Task prompt
If you see a picture in the data below, omit it and copy the rest exactly.

Data segment
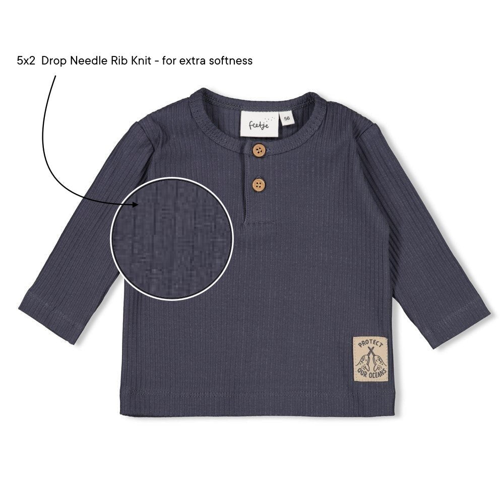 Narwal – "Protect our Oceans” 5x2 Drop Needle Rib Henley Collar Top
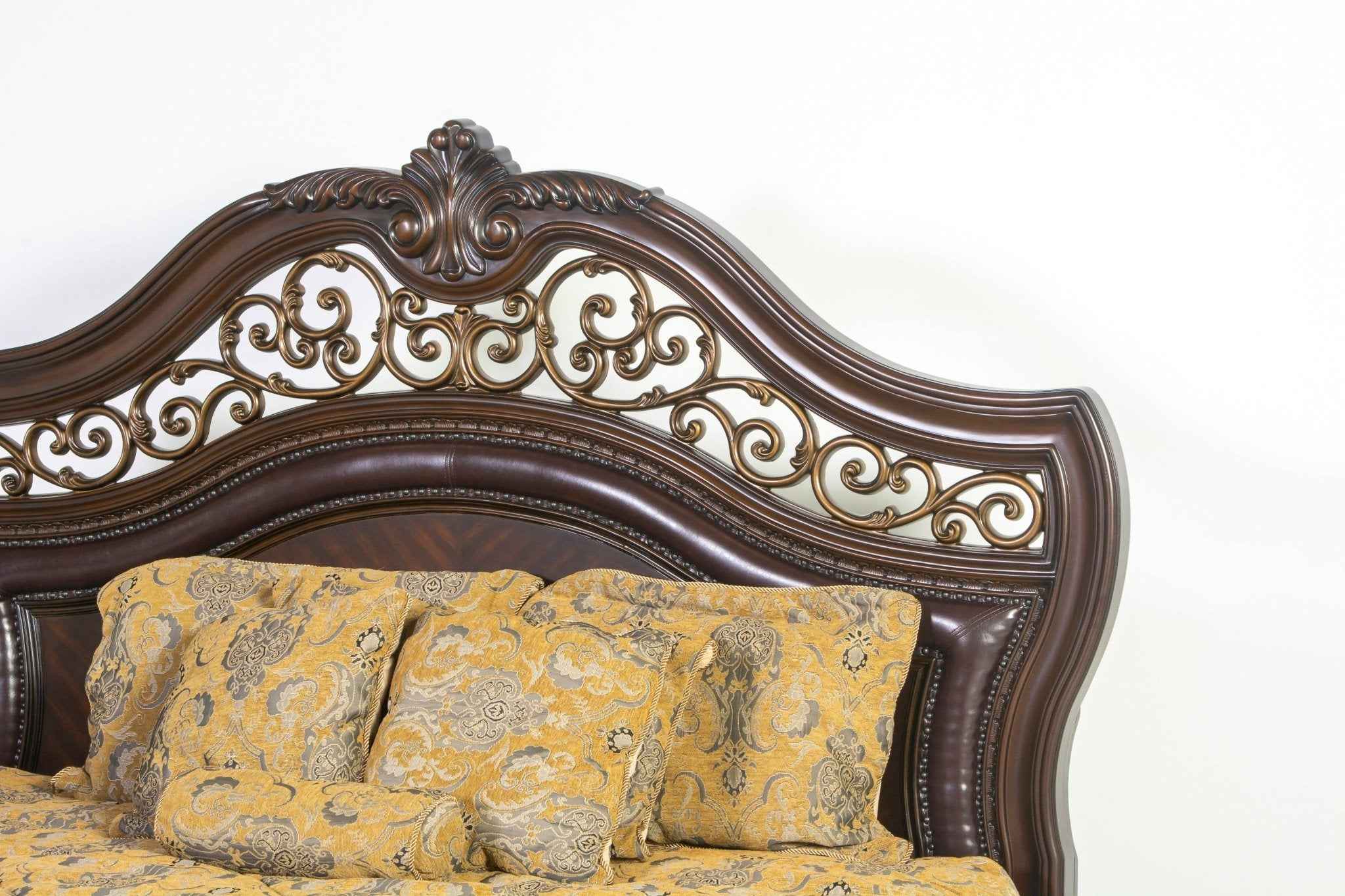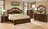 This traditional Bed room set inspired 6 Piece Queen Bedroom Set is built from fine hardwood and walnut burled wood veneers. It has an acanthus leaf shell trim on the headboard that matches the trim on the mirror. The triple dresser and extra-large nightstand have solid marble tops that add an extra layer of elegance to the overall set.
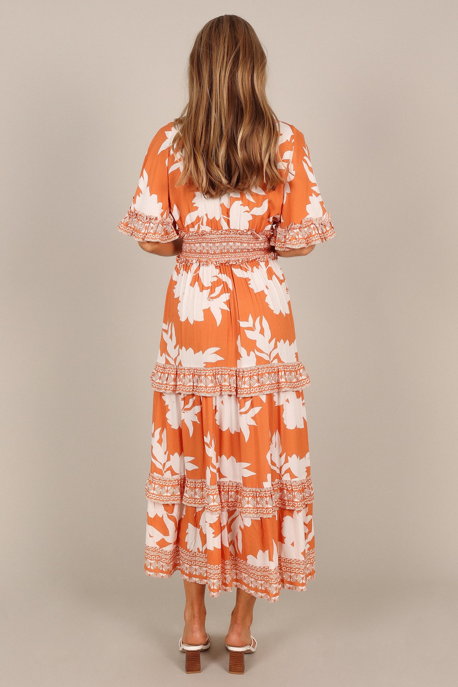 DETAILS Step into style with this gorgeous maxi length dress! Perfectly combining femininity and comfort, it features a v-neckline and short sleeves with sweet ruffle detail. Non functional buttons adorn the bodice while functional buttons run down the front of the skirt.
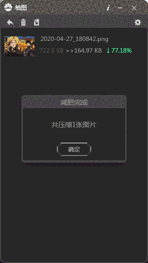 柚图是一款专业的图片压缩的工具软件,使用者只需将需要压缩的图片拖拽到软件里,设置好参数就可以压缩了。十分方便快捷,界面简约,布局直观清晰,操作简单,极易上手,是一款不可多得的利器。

Result of the task
 Narwal – "Protect our Oceans” 5x2 Drop Needle Rib Henley Collar Top
 This traditional Bed room set inspired 6 Piece Queen Bedroom Set is built from fine hardwood and walnut burled wood veneers. It has an acanthus leaf shell trim on the headboard that matches the trim on the mirror. The triple dresser and extra-large nightstand have solid marble tops that add an extra layer of elegance to the overall set.
 DETAILS Step into style with this gorgeous maxi length dress! Perfectly combining femininity and comfort, it features a v-neckline and short sleeves with sweet ruffle detail. Non functional buttons adorn the bodice while functional buttons run down the front of the skirt.
 柚图是一款专业的图片压缩的工具软件,使用者只需将需要压缩的图片拖拽到软件里,设置好参数就可以压缩了。十分方便快捷,界面简约,布局直观清晰,操作简单,极易上手,是一款不可多得的利器。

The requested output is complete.